FMCC Closing Ideas

Section 2.4 Closing Ideas

Most textbooks will have hundreds of problems for you to work on, especially for a section like this one. And there's certainly value to practicing those manipulations over and over again so that you can get a lot of experience. However, the approach of this textbook is much more about slowing you down to help you create a solid mental framework for understanding mathematical ideas.

One piece of that framework of mathematical thinking is the ability to take something complicated and break it down into simpler pieces. One of the ways that manifests is the transition from working with numbers to working with variables.
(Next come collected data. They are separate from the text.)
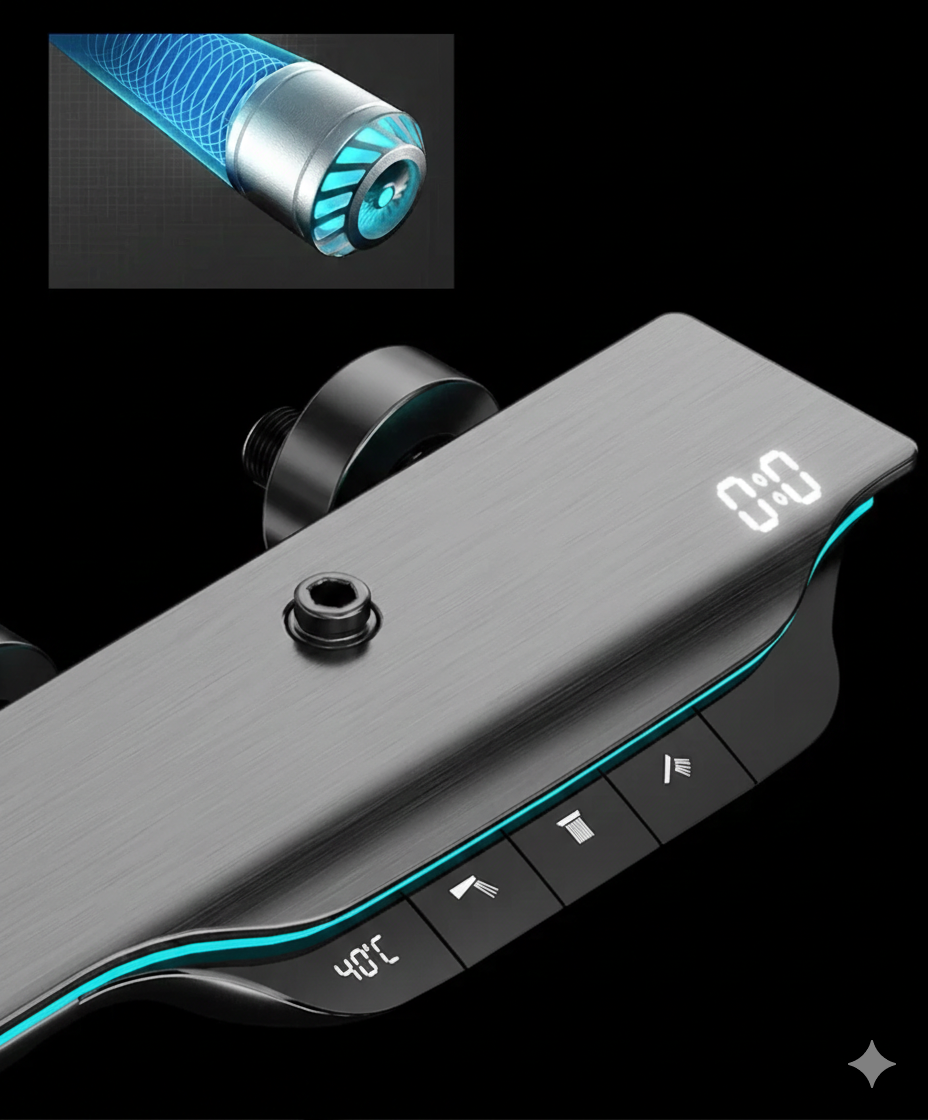 Ce système de douche thermostatique numérique est conçu pour offrir une expérience de douche puissante, confortable et intuitive. L’affichage numérique en temps réel permet d’ajuster rapidement la température idéale, tandis que le système d’alimentation hydroélectrique génère l’énergie nécessaire au fonctionnement sans batterie ni alimentation externe.
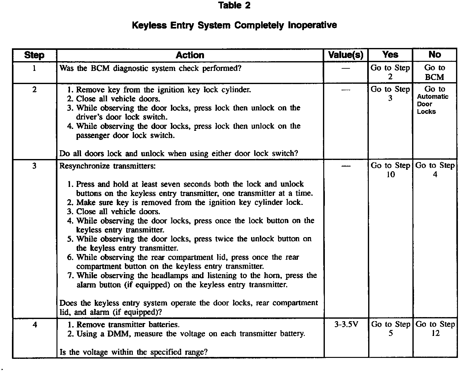 Table 2 Keyless Entry System Completely Inoperative (Part 3 Of 3):
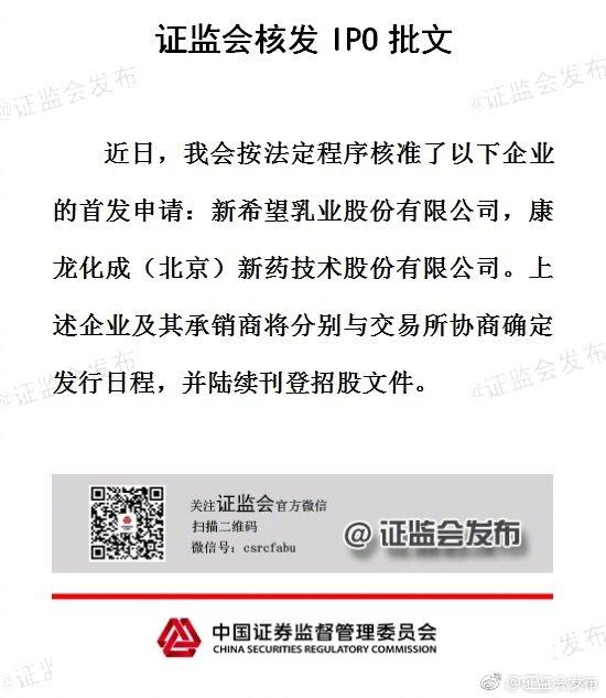 近日,证监会按法定程序核准了以下企业的首发申请:新希望乳业股份有限公司,康龙化成(北京)新药技术股份有限公司。上述企业及其承销商将分别与交易所协商确定发行日程,并陆续刊登招股文件。
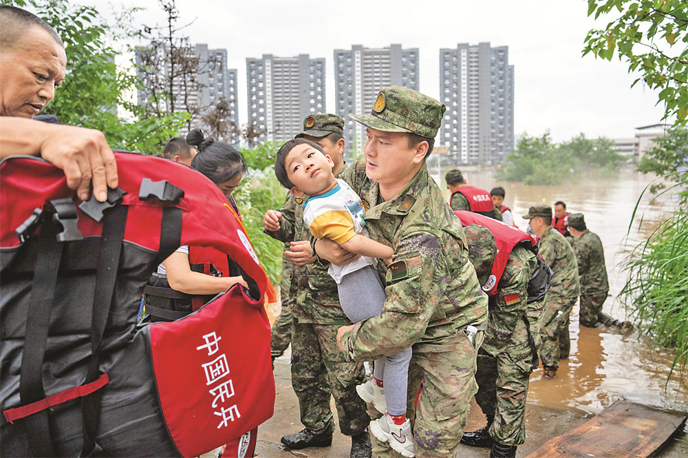 7月1日,在平江县天岳街道大西村,民兵在转移群众。
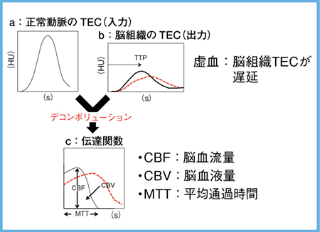 CT perfusionの画像解析の手法は,正常動脈のtime enhancement curve(TEC)を入力ととらえ,伝達関数を用いてコンボリューション(畳み込み)解析することで,脳組織のTECが出力されるという概念に基づく。実際には,CTから得られるデータは正常動脈のTECと脳組織のTECであり,これらをデコンボリューション(逆畳み込み)解析1)することで,ソフトウエア上において伝達関数が求められる(図1)。この伝達関数により,脳血流量(cerebral blood flow:CBF)や脳血液量(cerebral blood volume:CBV),造影剤の通過時間を表す平均通過時間(mean transit time:MTT)といった灌流パラメータを算出することができる。脳虚血により脳組織TECに遅延が生じると,カーブの形状が変化し(図1 b),この変化が伝達関数(図1 c)に表れて灌流パラメータに反映される。
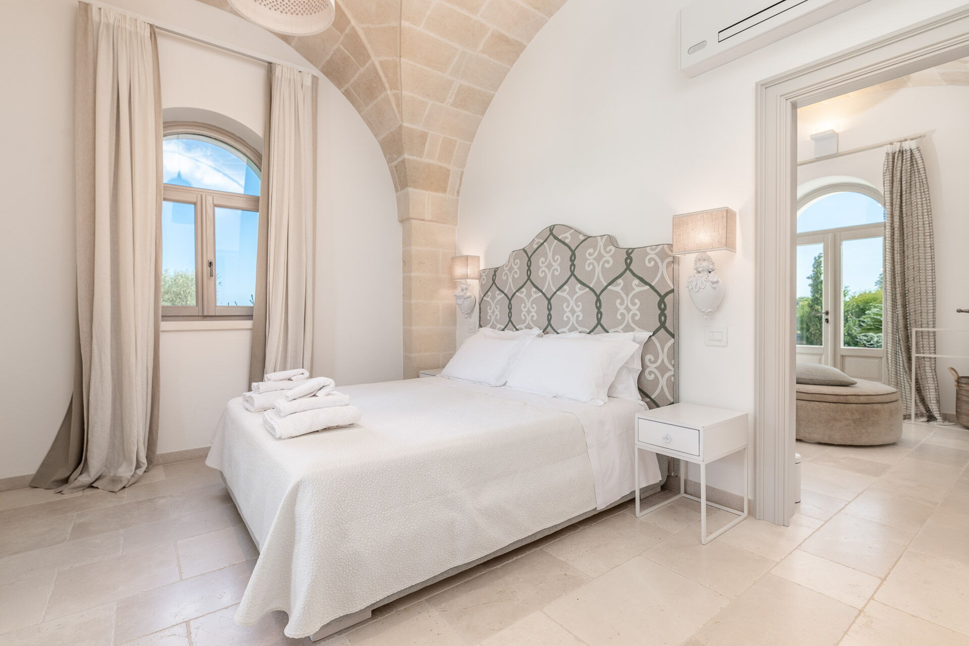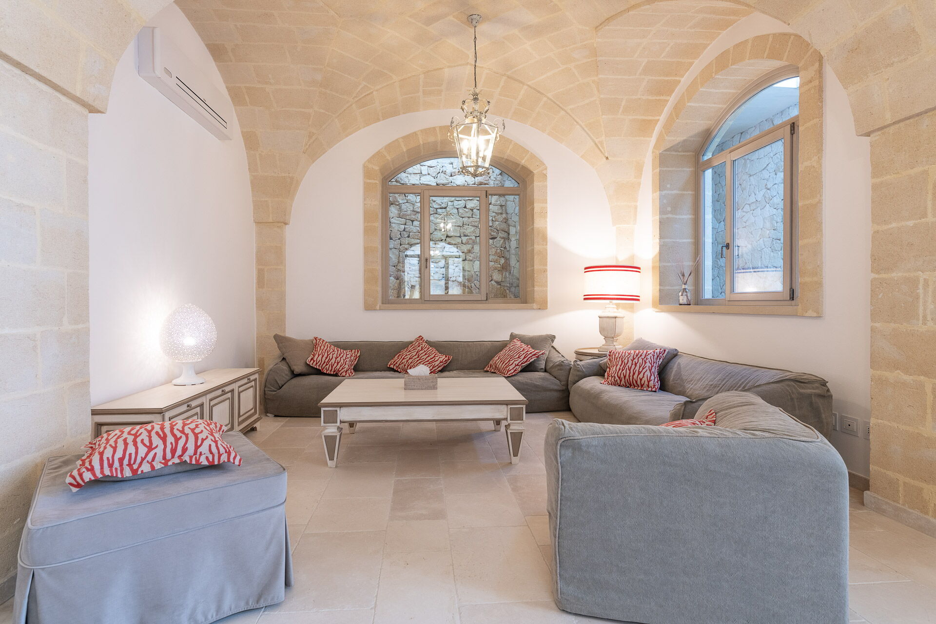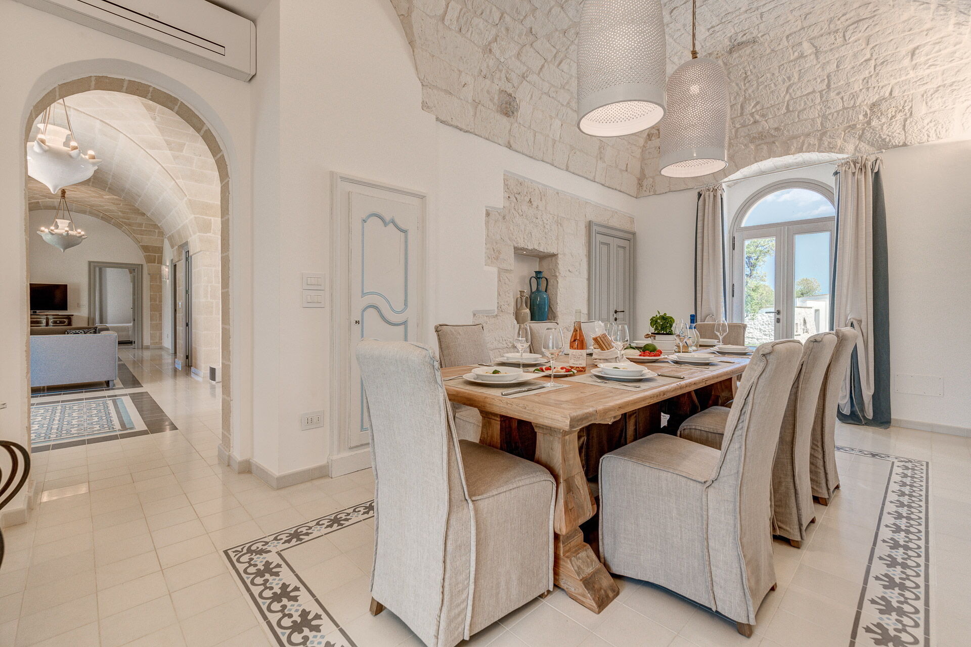 Huset har et moderne interiør og er smagfuldt indrettet med farver og stil nøje udvalgt for at fremhæve den gamle bygningsstruktur. Den pragtfulde ejendom ligger på en velplejet græsplæne på cirka 1 hektar, indrammet af en traditionel kalkstensmur. I den store have findes en elegant pool (opvarmet på forespørgsel) med solsenge og parasoller. En charmerende grusvej forbinder poolen med villaen.

We tried to set you up with this idea in the forward direction by giving you a series of equations with numbers before asking you to work with variables:

\begin{equation*} \left. \begin{aligned} x + 3 \amp = 7 \longrightarrow \text{Subtract $3$ from both sides} \\ x + 4 \amp = 7 \longrightarrow \text{Subtract $4$ from both sides} \\ x + 5 \amp = 7 \longrightarrow \text{Subtract $5$ from both sides} \\ x + 6 \amp = 7 \longrightarrow \text{Subtract $6$ from both sides} \end{aligned} \right\} \implies x + b = 7 \longrightarrow \text{Subtract $b$ from both sides} \end{equation*}